Greece’s healthcare system has been hit hard. Just like Ireland’s underfunded system with no universal coverage, pay at point of use, overworked staff and crowded hospitals are the norm.

 After suffering for a week, I decided to call the ambulance which cost me €50, waited in A and E for 4 hours to see a doctor which was another €50. I then got my bloods taken which cost an additional €80. The medication I had to take cost another €20 which brought the whole operation up to €200. This infection has developed into a chronic condition that I suffer from to this day. I visited countless doctors for the rest of my time there and each time it was the same “I don’t know” with a shrug of the shoulders. Every time I visited the hospital it was the same heart-breaking scene.  Injured and dying people lining the crowded corridors of the critically underfunded wards with doctors so overworked I’ve witnessed them smoking at their desks while seeing patients.

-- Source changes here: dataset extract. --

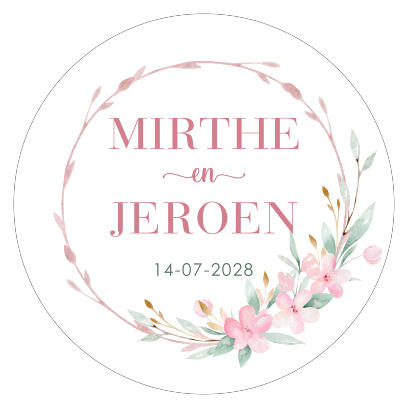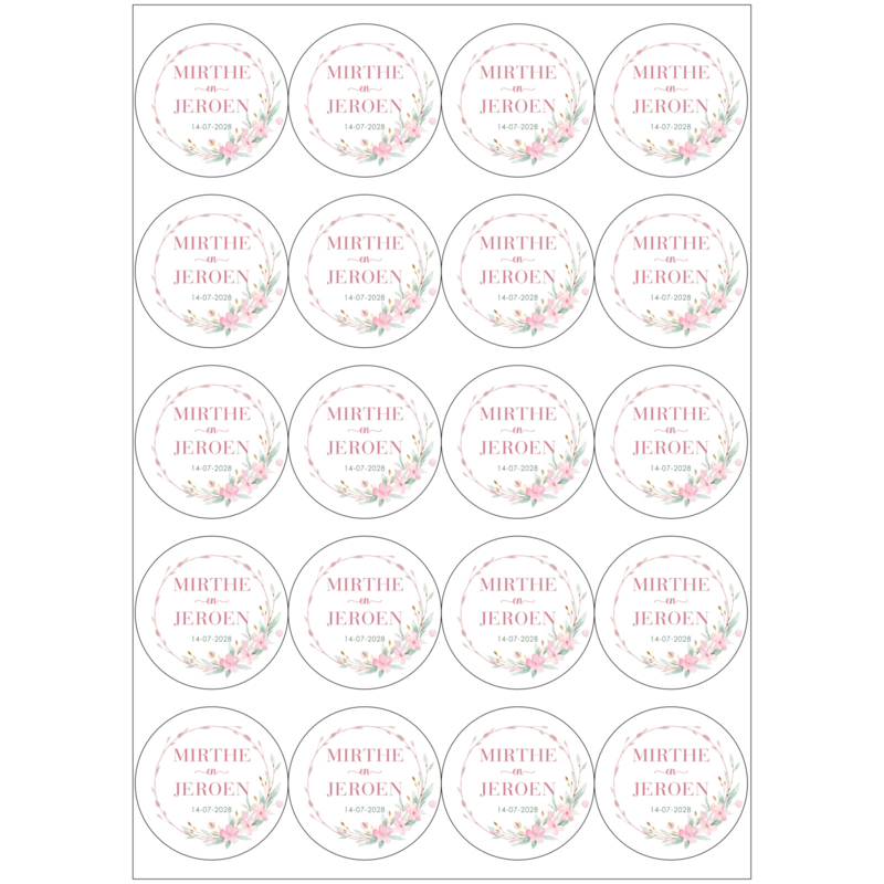 De etiketten zijn versierd met een krans van roze bloemen en bedrukt met jullie namen en trouwdatum. Dit geeft de stickers een stijlvolle uitstraling die perfect past bij een romantische bruiloft.

I moved into this new flat around January 2018. My landlord was a sly grey-haired gentleman with greased back hair and a fine trendy suit. He drove a large BMW 4×4 black paint work with cream leather interior. He later let me know that his family moved to Russia after the fall of the Soviet Union to make money off the subsequent privatizations of the Soviet economy. The flat was freshly refurbished and clean on the inside with WiFi and a Netflix TV, luxuries I was far from in the months prior. It was a temporary 6-month lease spot for young professionals as he described it. I was living with a guy from Egypt and a guy from Bulgaria. Great bunch of lads to be fair.  

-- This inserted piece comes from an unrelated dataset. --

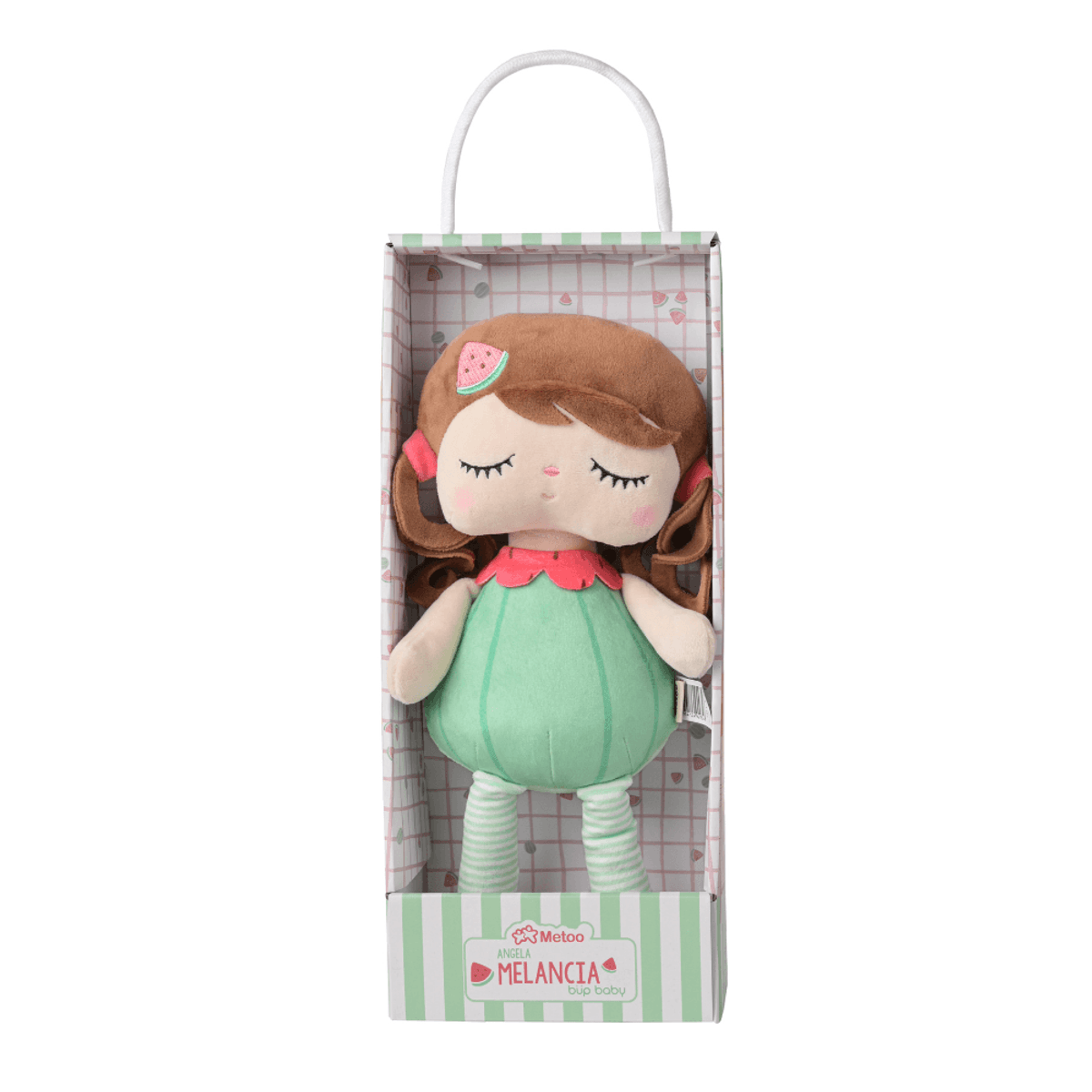 A Angela Frutas Melancia da Metoo é pura fofura e frescor! Com seu visual inspirado na fruta mais refrescante do verão, ela conquista corações com seu corpinho temático, toque aveludado e olhos fechadinhos, que transmitem calma e ternura. Ideal para acompanhar os pequenos desde o nascimento, essa bonequinha é perfeita para decorar, colecionar, presentear ou levar para todos os cantos nas brincadeiras mais doces.

While living there I lost my job with Apple and took up a position with JUUL, the vape pen company. The job here was pretty much the same as the one with Apple except it was responding to emails instead of phone calls. I fell out of favour by May. I arrived at work to swipe my card at the security gate to find it wouldn’t work, I was brought to HR thinking “must be a faulty card” to then be informed that I had been fired on the spot and informed that I could not get another job with the company because of the previous firing. My lease ran out and I had cleaned the flat thoroughly. The Landlord went through it with a fine-tooth comb and reluctantly agreed to give me my deposit back which took me a further 3 weeks to wrestle out of him.  

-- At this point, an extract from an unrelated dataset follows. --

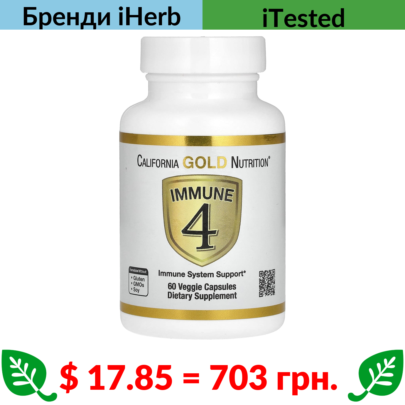 $ 17.85 = 703 грн. California Gold Nutrition, Immune 4, засіб для зміцнення імунітету, 60 вегетаріанських капсул

I moved back in with my Romanian friend and his girlfriend while I tried to get back on my feet, free from the constraints of the 60-70-hour zero contract job I began to explore Athens. My friend lived 10 minutes away from Exarcheia, a neighbourhood of Athens that was taken over by local anarchists and turned into a haven for Refugees until in 2019 when the Police brutally cleared the place out. This is when I began to witness the true extent of human suffering caused by the EU’s crushing austerity. Men and women with crippled limbs prostrated out with open palms begging for money. Desperate men selling pens and stationery on the train in a bid to make ends meet in a country without work. Pampered British expats corralled in Syntagma square while people counted coins to buy loaves of bread a couple of streets away.